It’s a standard instruction if you’re having surgery in the morning: no food and drink after supper the night before. But it’s wrong.
A team of medical students at the University of the Free State found that every patient having elective surgery at the Universitas Hospital Annex in Bloemfontein fasts for too long.
And it’s not just an academic point. “It is associated with problems‚ including increased pre-operative nausea and vomiting‚” they write in the October edition of the South African Medical Journal.
http://www.samj.org.za/index.php/samj/article/view/12070
“Tissue repair is impaired by dehydration‚ and wound healing is improved when correct fluid fasting times are implemented.”
International guidelines say patients should abstain from food for six hours and from liquids for two hours before elective surgery.
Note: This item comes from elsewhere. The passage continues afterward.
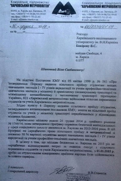 Соответствующие документы уже опубликованы в соцсетех. В них сказано, что в программе содействия безопасной жизнедятельности в сфере социальной защиты населения Харькова не предусмотрено право на льготный проезд в метро для студентов вузов I - IV уровней аккредитации и учащихся ПТУ. В горбюджет на 2015-й год средства на оплату 50%-й льготы на проезд в метро также не заложены. В связи с этим проезд студентов с использованием электронной студенческой карты будет оплачиваться по полному тарифу.
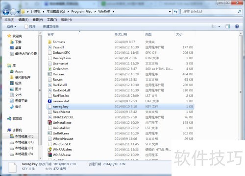 3、 将文件重命名为rarreg.key,随后复制到WinRAR安装目录。如果安装在C盘,默认路径为C:Program FilesWinRAR。根据个人安装位置,在对应磁盘中查找。找到后,直接打开即可完成设置。

But the UFS students‚ who investigated 105 patients‚ found that on average they abstained from foods and liquids for 10 hours. This was partly because of outdated advice from their doctors‚ and partly because they started fasting even earlier than doctors prescribed.
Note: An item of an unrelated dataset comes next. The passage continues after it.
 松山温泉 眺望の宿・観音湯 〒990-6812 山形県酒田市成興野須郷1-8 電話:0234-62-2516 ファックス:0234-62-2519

The students‚ supervised by Gillian Lamacraft‚ said the problem was exacerbated by fixed mealtimes at Universitas Hospital. “As a result of this study‚ the hospital will in future supply sandwiches for preoperative patients at 10pm the night before surgery and a carbohydrate-rich clear fluid drink at 5am on the day of surgery‚” they write.
“Such an approach has been proven to have no adverse effect on gastric volume or pH preoperatively compared with water or fasting from midnight. It has the positive effect of decreasing insulin resistance and increasing recovery of patients postoperatively.”